For her role with the school, Dunlap Hopkins was awarded the Michael Friedsam Gold Medal. The citation stated, "Courageous leader in the education of women, student of the arts and friend of the artists, sympathetic teacher of young designers destined to improve by their work and their ideas the standards of art in industry, founder of the New York School of Applied Design and for 45 years its guide and counselor, devout adherent of the belief that the might of the fine design will make the right of successful industrial art." She died in 1939.

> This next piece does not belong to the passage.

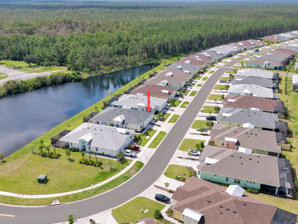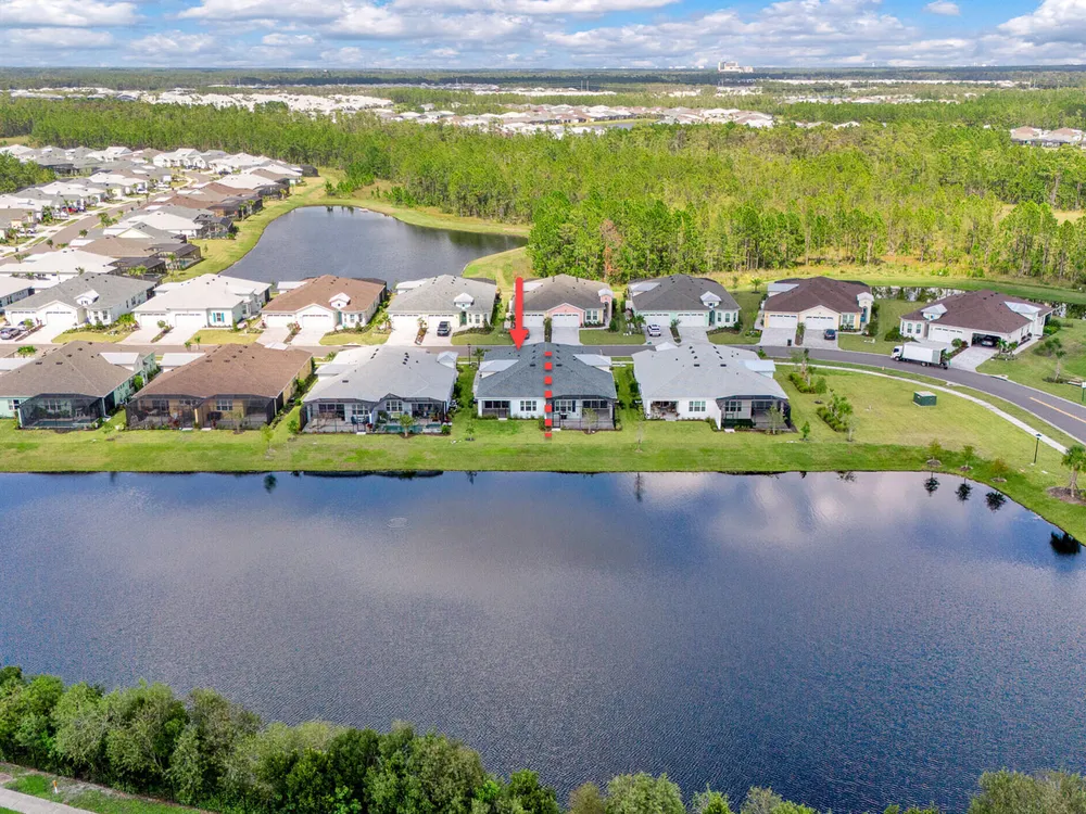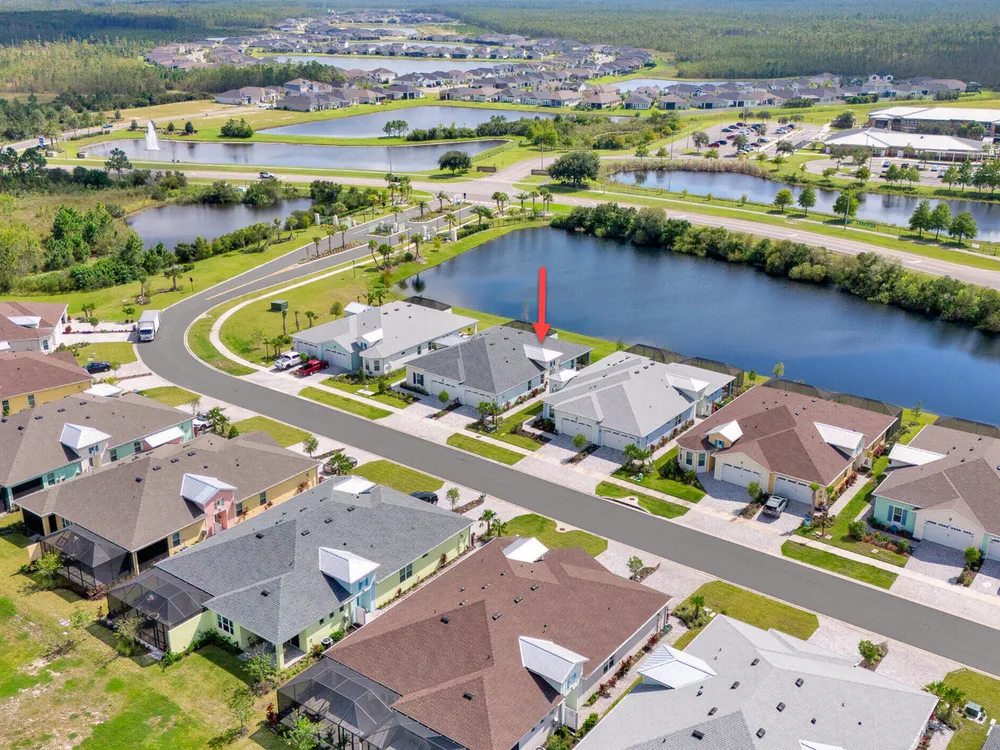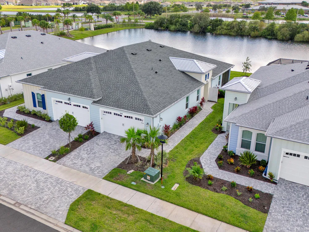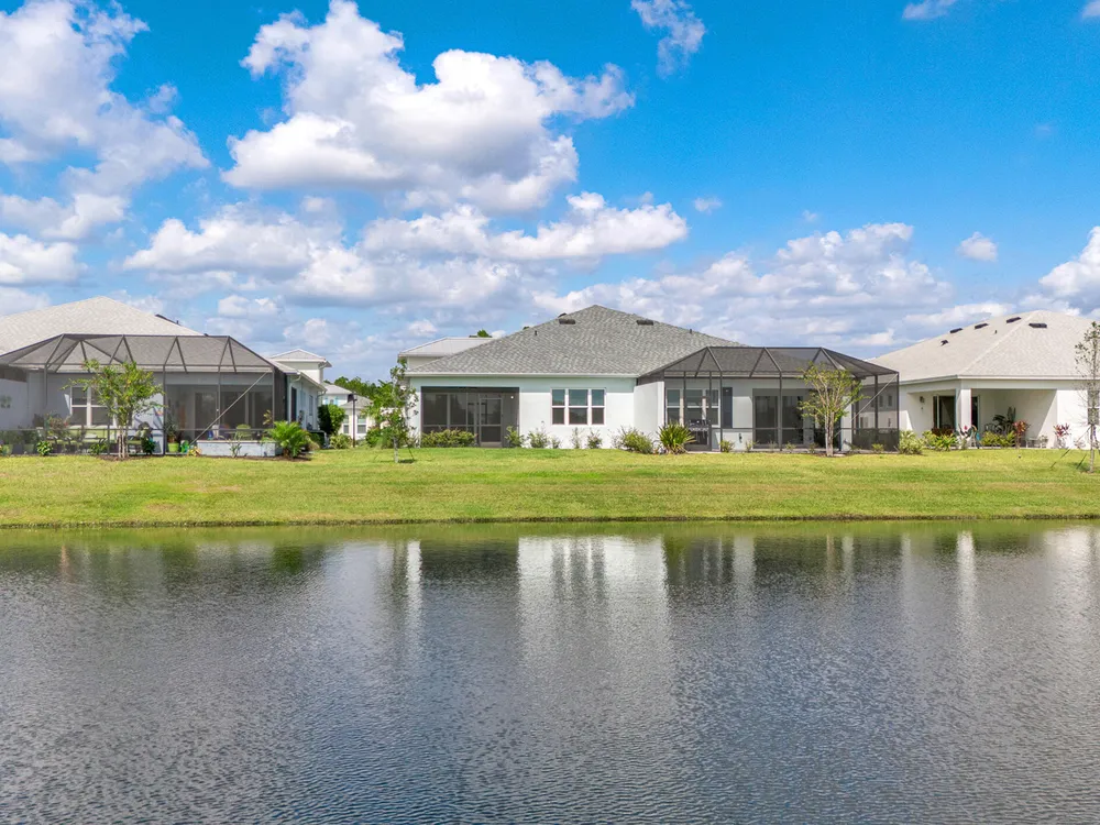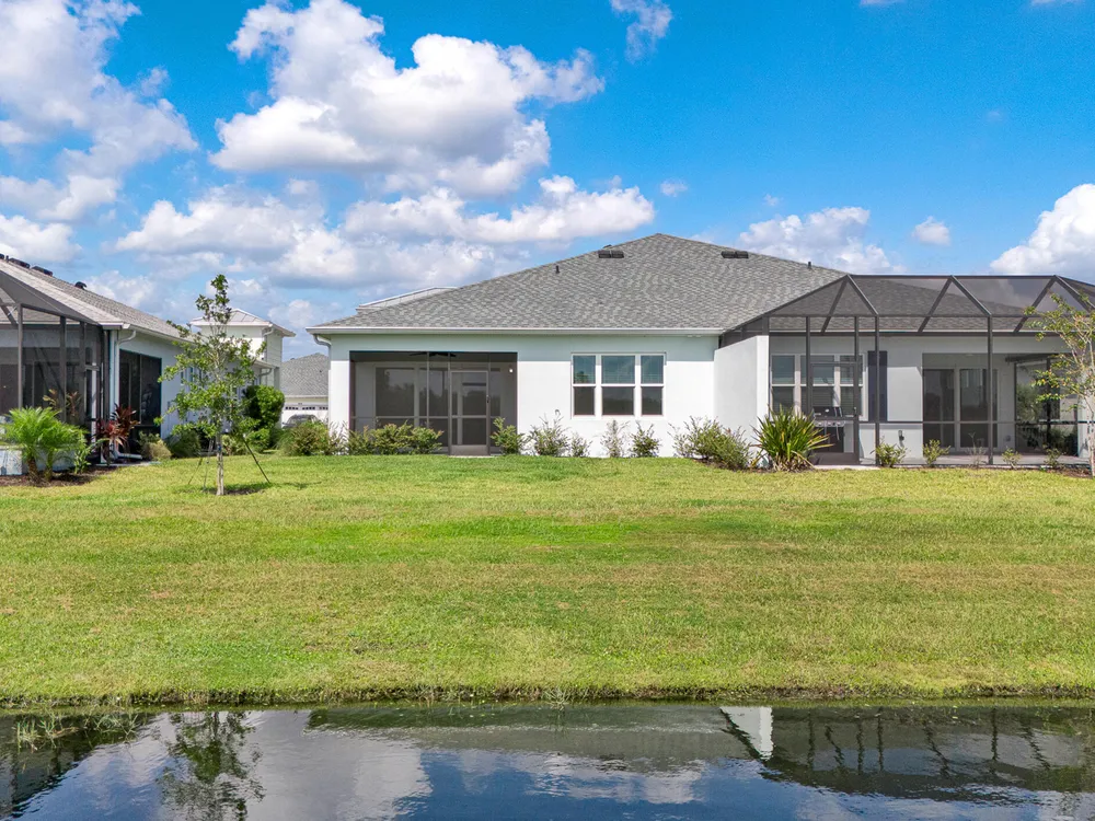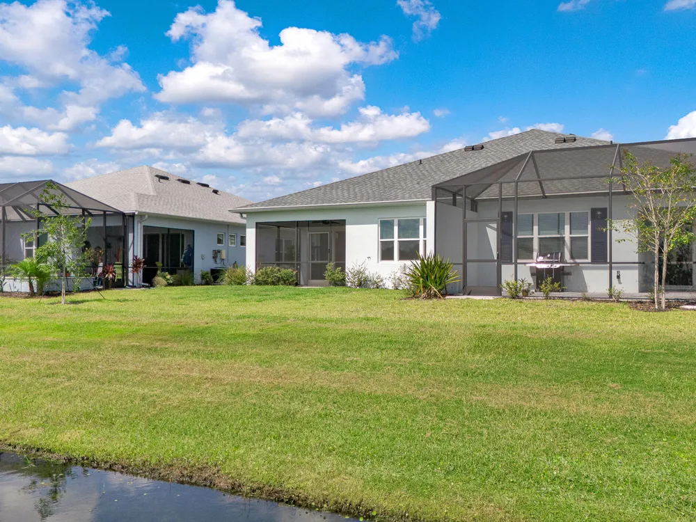 Wanna move to Margaritaville? This nearly new Antigua Villa is conveniently located by the Resident Only gate with water views, screened covered lanai, and custom beverage station with drink fridge! Eight ft. doors, Ceramic diagonal tile flooring, Glass front door, disposal button, full quartz backsplash, single sink, Zero-entry primary shower, single handle faucets, granite countertops throughout and iSpring whole house water filtration system! Enjoy the award-winning amenities of this resort-style 55+ community with Private Beach Club with pool, live poolside entertainment daily and concerts every Friday and Saturday at the bandshell in Town Center! Three pools in Town Center, take a class then sauna and spa in Fins Up Fitness Center, play Finball, Bocce ball, Pickleball, oh my! Play Trivia, Canasta, Mahjong, Mexican Train or see a show! Learn Ukulele, Pottery, Woodworking! Join Cycling, Water Volleyball, or a resident special interest club: whiskey, cigars, cruisers, food, decor

Architect Corbett became President of the school in 1938, a position he held until his death in 1954.

==Alumni==

- Ruth Maxon Adams
- Ilse Bischoff
- Isabel Bishop
- Rosina Cox Boardman
- Bessie Marsh Brewer
- Minna Citron
- Mary Gannon and Alice Hands, cofounders of Gannon and Hands
- Minetta Good
- Dorothy Grider
- Martha Brookes Hutcheson
- Hildreth Meiere
- Eugenie Shonnard
- Nina Spalding Stevens

==Organizational changes==
===New York Phoenix School of Design===
The school reincorporated as the co-educational New York Phoenix School of Design in 1944, after merging with the Phoenix Art Institute that was founded in 1925.

===Merger with Pratt Institute===
In 1974, the New York Phoenix School of Design merged with the Pratt Institute to form the Pratt-Phoenix School of Design, which offered three-year certificate programs in art and design. In 1979, it was renamed the Pratt Manhattan Center. In 1986, the building was sold and was no longer used as an art school. Records are archived at the Pratt Institute in Brooklyn, New York.

==In popular culture==
On the CBS television show Person of Interest, the building at 160 Lexington Avenue was used in the 2011 pilot episode for exterior shots of the "Library" which was the base of operations for Harold Finch and his team.